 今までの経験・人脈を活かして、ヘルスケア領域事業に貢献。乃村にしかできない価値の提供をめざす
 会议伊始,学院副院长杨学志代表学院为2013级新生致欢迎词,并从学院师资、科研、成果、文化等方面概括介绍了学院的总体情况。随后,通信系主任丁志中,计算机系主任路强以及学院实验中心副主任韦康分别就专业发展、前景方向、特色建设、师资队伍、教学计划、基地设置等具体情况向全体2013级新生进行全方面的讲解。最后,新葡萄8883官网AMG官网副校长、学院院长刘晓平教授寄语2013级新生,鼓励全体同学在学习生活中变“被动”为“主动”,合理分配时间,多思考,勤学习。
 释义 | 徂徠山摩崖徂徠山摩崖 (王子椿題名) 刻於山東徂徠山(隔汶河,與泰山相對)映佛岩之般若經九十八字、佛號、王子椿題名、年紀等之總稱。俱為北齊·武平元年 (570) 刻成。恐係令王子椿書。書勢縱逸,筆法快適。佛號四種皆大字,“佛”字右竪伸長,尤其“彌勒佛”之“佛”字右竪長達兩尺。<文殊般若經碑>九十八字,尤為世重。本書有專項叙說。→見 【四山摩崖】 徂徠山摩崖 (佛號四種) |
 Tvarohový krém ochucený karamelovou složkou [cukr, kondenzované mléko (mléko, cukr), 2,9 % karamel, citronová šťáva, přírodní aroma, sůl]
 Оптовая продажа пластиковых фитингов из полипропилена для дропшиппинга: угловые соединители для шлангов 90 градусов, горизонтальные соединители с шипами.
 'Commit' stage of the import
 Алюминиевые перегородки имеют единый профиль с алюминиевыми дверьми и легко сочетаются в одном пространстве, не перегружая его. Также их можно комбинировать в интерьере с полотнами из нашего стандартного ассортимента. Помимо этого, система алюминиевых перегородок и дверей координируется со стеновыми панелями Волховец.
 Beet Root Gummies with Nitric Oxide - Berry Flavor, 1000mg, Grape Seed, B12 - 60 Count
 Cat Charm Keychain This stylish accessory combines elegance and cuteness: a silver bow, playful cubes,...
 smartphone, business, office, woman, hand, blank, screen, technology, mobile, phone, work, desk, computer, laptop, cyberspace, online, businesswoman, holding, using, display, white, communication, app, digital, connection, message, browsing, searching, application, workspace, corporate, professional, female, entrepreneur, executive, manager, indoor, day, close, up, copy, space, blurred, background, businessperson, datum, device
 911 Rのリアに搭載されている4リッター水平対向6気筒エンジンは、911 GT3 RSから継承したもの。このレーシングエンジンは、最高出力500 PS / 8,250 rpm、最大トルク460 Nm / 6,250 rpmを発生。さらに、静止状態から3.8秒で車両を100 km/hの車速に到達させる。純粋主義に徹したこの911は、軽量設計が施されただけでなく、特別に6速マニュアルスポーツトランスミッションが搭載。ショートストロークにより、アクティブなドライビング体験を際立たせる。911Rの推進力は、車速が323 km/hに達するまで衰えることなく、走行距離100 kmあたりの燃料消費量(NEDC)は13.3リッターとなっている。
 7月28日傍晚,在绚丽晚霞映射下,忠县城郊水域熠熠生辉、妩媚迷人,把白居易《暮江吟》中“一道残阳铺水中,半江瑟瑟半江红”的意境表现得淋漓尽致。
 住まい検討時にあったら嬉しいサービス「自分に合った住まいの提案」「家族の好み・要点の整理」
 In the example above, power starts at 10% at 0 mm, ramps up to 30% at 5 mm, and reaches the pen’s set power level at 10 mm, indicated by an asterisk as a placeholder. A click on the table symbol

■ ■ ■ ■ ■ ■ ■

● Problem statement:
Repeat exactly, and only, the lines from the one containing "7月28日傍晚,在绚丽晚霞映" through the last line above.

● Expected output:
 7月28日傍晚,在绚丽晚霞映射下,忠县城郊水域熠熠生辉、妩媚迷人,把白居易《暮江吟》中“一道残阳铺水中,半江瑟瑟半江红”的意境表现得淋漓尽致。
 住まい検討時にあったら嬉しいサービス「自分に合った住まいの提案」「家族の好み・要点の整理」
 In the example above, power starts at 10% at 0 mm, ramps up to 30% at 5 mm, and reaches the pen’s set power level at 10 mm, indicated by an asterisk as a placeholder. A click on the table symbol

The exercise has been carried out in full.